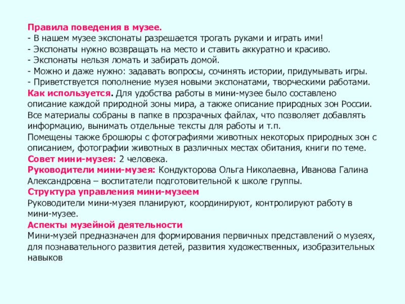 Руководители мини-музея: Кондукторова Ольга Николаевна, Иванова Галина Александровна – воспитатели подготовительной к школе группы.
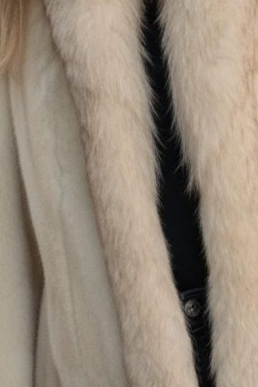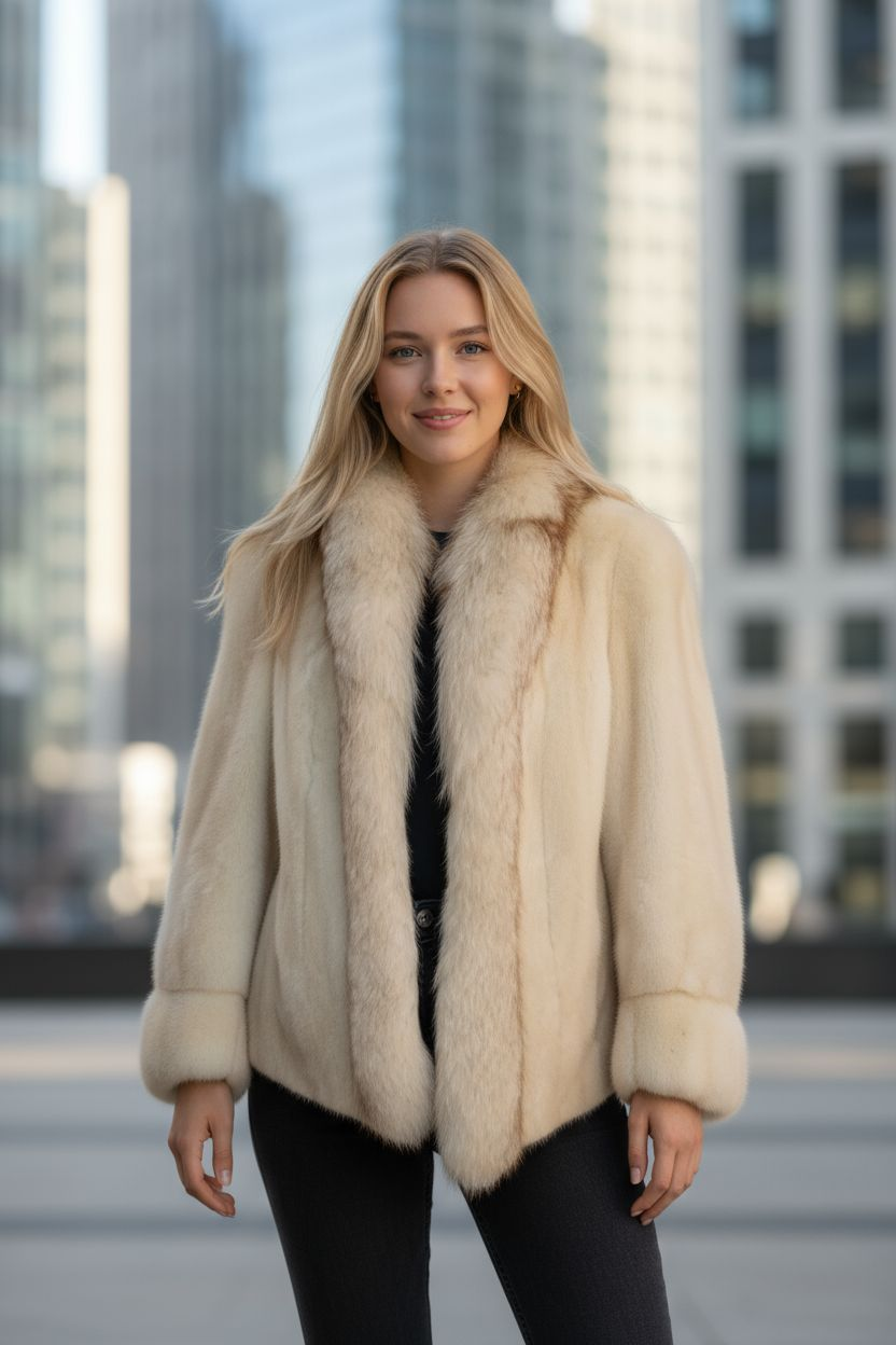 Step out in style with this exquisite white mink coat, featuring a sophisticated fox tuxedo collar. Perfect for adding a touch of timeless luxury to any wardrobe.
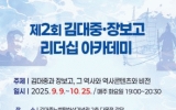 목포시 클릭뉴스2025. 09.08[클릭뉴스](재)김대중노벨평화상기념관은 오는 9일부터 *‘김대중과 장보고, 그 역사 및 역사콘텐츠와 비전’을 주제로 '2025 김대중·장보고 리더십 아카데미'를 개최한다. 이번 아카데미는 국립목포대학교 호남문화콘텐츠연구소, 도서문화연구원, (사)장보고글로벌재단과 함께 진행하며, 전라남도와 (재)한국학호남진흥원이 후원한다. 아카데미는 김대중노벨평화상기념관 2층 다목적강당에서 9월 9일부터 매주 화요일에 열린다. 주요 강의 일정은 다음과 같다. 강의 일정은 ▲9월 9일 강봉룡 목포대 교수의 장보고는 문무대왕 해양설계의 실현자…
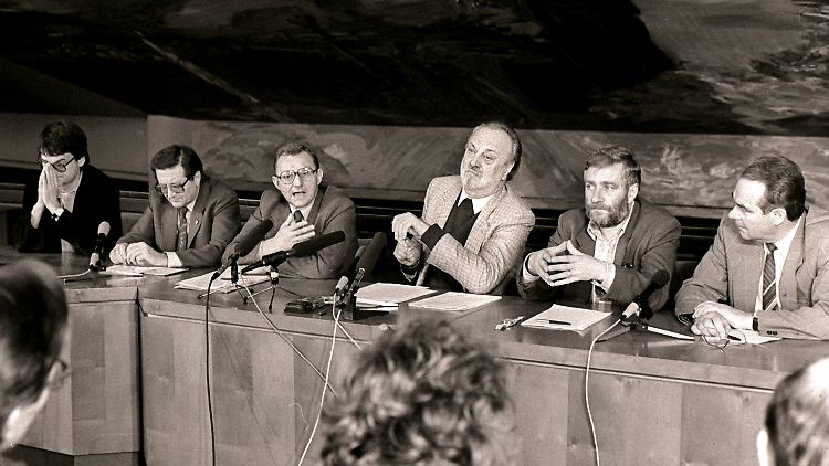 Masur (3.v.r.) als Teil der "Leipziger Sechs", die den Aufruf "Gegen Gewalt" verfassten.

● ● ● ● ●

What is needed:
The first line of the listing through the line with "Step out in": repeat exactly that span and nothing more, skipping pictures.

Task solution:
 Руководители мини-музея: Кондукторова Ольга Николаевна, Иванова Галина Александровна – воспитатели подготовительной к школе группы.
 Step out in style with this exquisite white mink coat, featuring a sophisticated fox tuxedo collar. Perfect for adding a touch of timeless luxury to any wardrobe.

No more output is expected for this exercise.